Material for this task section start

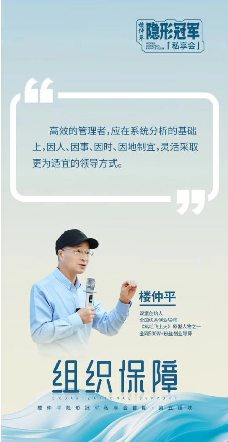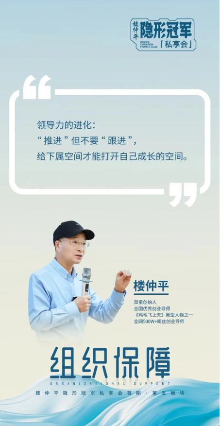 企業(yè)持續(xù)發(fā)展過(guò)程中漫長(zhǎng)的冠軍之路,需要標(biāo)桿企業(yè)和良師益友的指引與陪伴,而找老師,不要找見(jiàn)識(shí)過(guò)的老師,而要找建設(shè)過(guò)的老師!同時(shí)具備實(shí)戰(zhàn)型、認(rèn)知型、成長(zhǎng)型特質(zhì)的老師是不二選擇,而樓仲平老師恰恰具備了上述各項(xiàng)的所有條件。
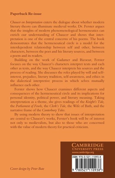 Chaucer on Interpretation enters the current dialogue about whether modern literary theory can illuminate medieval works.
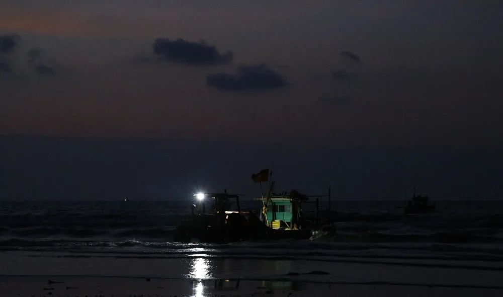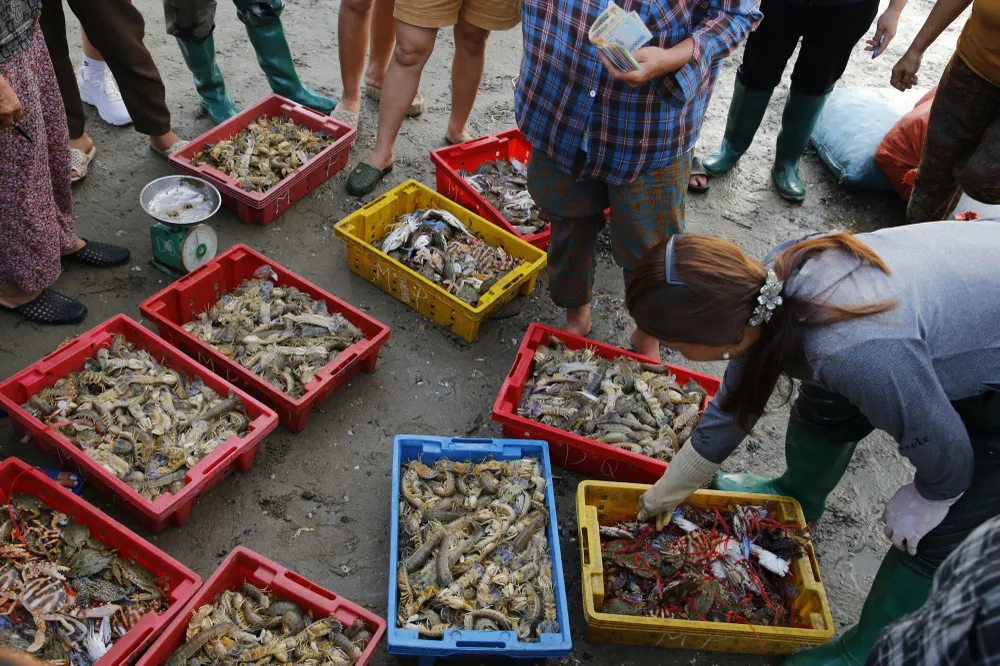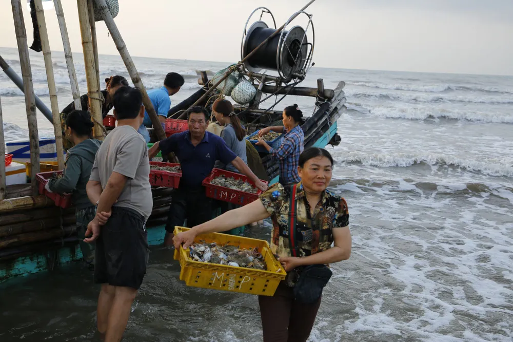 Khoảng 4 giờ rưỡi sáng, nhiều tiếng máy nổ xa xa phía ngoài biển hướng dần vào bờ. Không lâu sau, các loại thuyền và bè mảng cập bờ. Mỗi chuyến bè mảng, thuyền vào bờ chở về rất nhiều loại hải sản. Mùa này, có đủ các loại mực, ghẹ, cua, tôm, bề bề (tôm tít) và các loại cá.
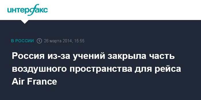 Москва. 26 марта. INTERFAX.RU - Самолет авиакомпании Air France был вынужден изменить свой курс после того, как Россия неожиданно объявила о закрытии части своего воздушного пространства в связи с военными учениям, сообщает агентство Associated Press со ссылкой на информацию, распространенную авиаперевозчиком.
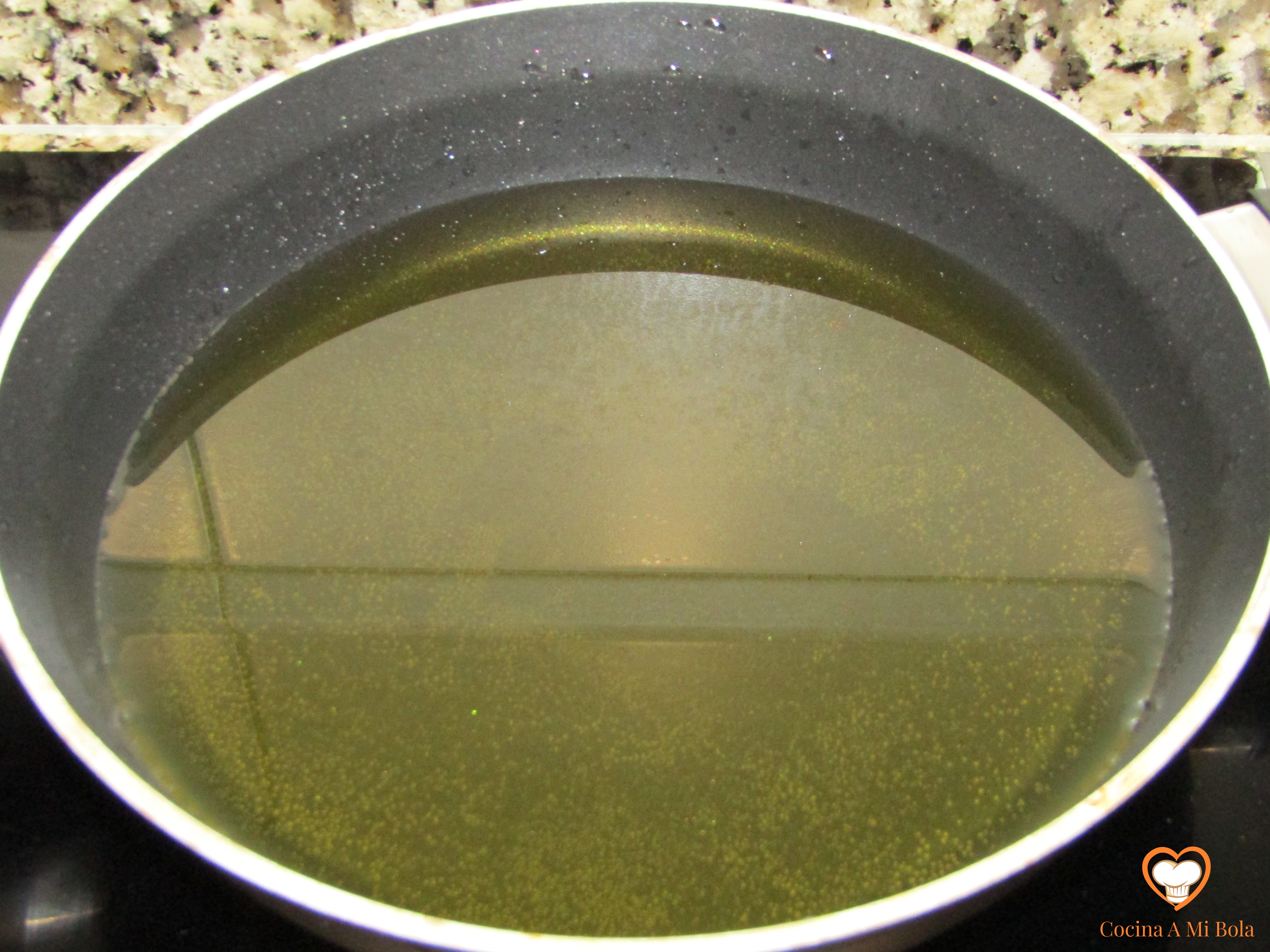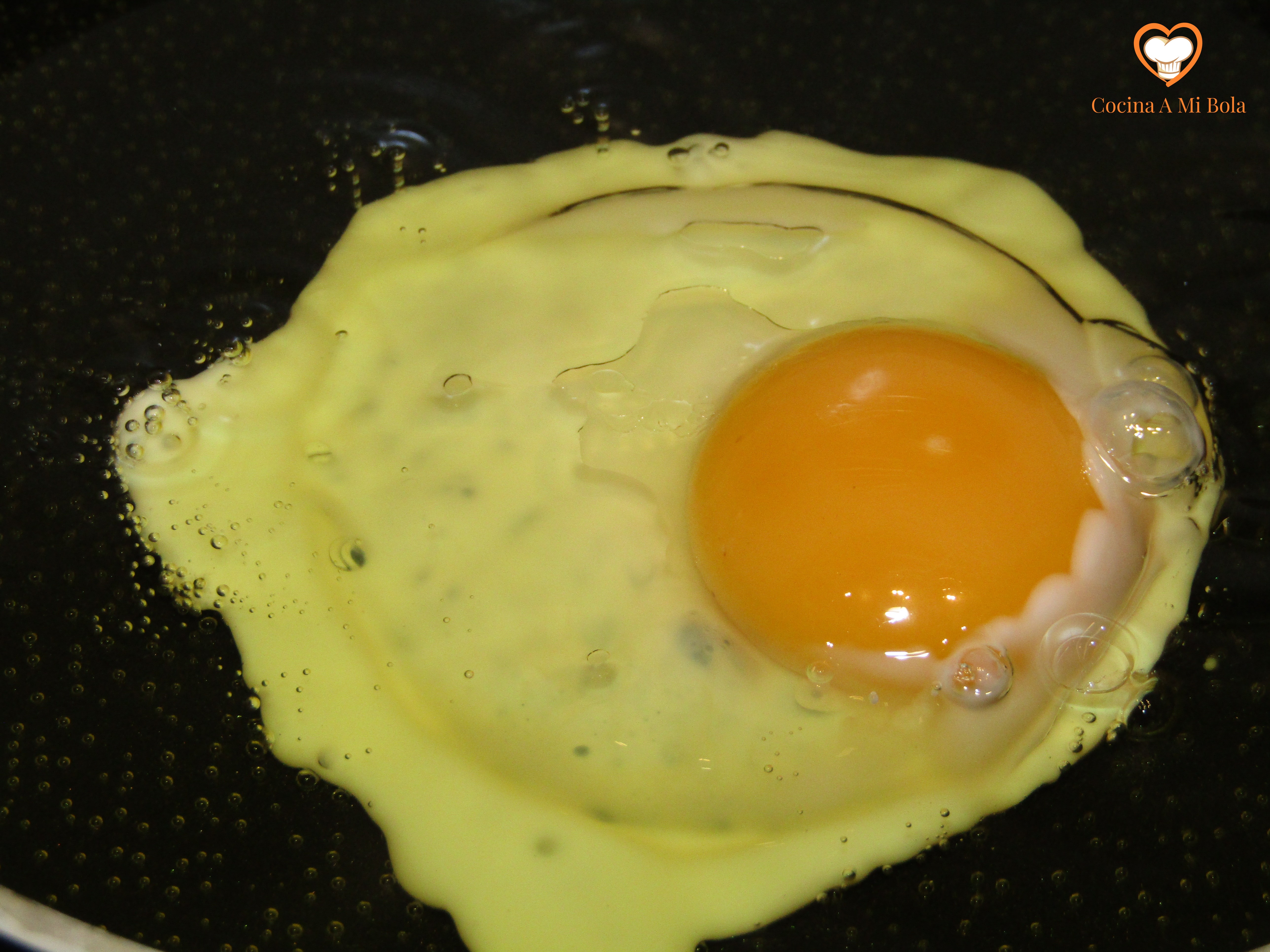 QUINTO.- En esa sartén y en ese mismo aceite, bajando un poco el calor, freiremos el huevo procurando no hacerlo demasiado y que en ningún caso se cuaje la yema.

Material for this task section end
Material for this task section start

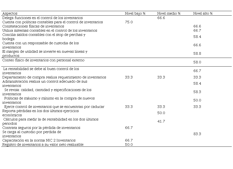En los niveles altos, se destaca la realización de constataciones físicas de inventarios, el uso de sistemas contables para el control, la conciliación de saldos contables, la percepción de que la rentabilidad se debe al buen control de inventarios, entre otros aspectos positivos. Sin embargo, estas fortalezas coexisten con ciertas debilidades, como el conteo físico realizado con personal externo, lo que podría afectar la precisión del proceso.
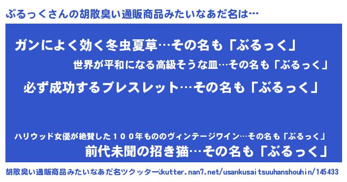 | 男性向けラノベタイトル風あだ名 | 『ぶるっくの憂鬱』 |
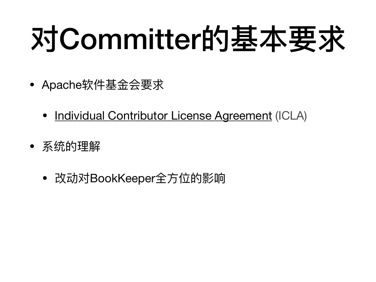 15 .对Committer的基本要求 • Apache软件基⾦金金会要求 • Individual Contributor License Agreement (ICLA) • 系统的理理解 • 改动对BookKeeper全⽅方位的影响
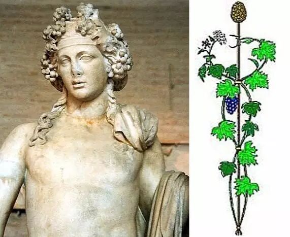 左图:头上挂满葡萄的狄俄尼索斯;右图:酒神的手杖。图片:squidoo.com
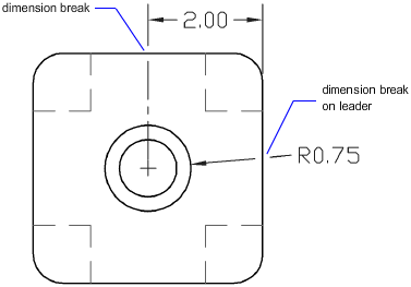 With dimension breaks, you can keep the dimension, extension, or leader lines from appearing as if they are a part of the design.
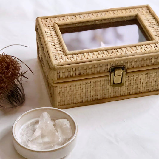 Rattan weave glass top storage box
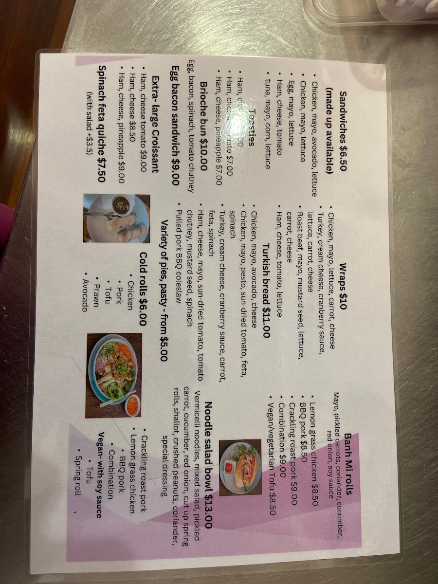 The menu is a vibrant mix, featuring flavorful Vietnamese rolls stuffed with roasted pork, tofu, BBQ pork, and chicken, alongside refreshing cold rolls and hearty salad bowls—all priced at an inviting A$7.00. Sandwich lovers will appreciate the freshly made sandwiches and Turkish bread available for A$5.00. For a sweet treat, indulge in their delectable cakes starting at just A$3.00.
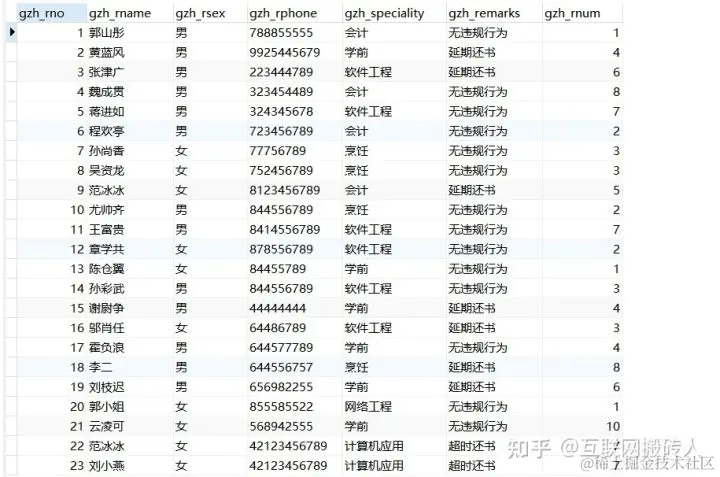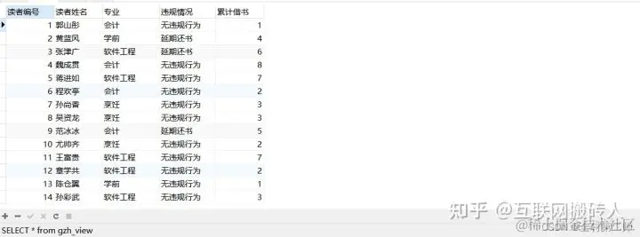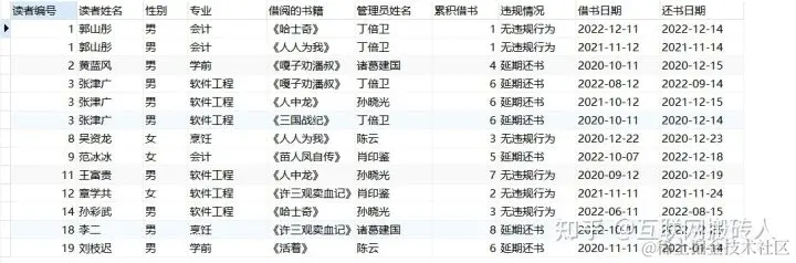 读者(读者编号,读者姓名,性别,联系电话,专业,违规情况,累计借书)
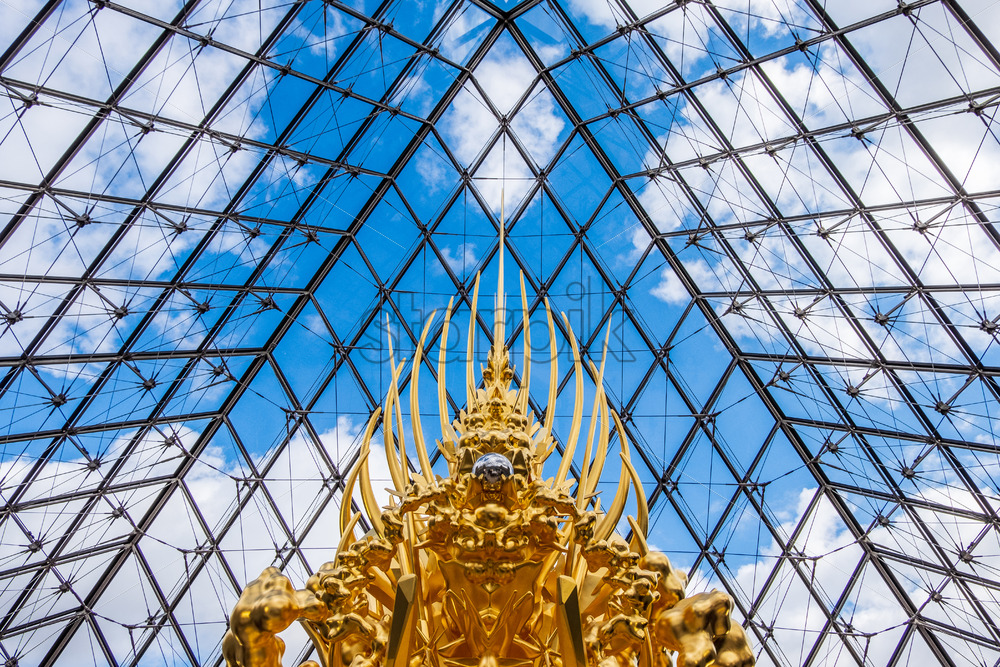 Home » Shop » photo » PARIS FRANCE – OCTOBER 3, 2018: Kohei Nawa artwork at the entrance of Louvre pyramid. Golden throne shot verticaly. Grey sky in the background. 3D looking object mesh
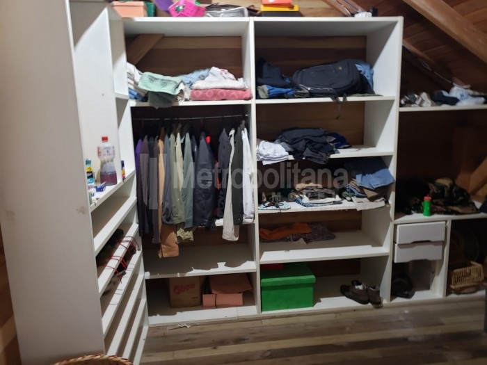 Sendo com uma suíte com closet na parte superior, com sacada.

Material for this task section end

What is required.
Pictures excluded, give again exactly and only the lines of the material above from the line with "企業(yè)持續(xù)發(fā)展過(guò)程中漫長" through the line with "Khoảng 4 giờ".

Response to this exercise.
 企業(yè)持續(xù)發(fā)展過(guò)程中漫長(zhǎng)的冠軍之路,需要標(biāo)桿企業(yè)和良師益友的指引與陪伴,而找老師,不要找見(jiàn)識(shí)過(guò)的老師,而要找建設(shè)過(guò)的老師!同時(shí)具備實(shí)戰(zhàn)型、認(rèn)知型、成長(zhǎng)型特質(zhì)的老師是不二選擇,而樓仲平老師恰恰具備了上述各項(xiàng)的所有條件。
 Chaucer on Interpretation enters the current dialogue about whether modern literary theory can illuminate medieval works.
 Khoảng 4 giờ rưỡi sáng, nhiều tiếng máy nổ xa xa phía ngoài biển hướng dần vào bờ. Không lâu sau, các loại thuyền và bè mảng cập bờ. Mỗi chuyến bè mảng, thuyền vào bờ chở về rất nhiều loại hải sản. Mùa này, có đủ các loại mực, ghẹ, cua, tôm, bề bề (tôm tít) và các loại cá.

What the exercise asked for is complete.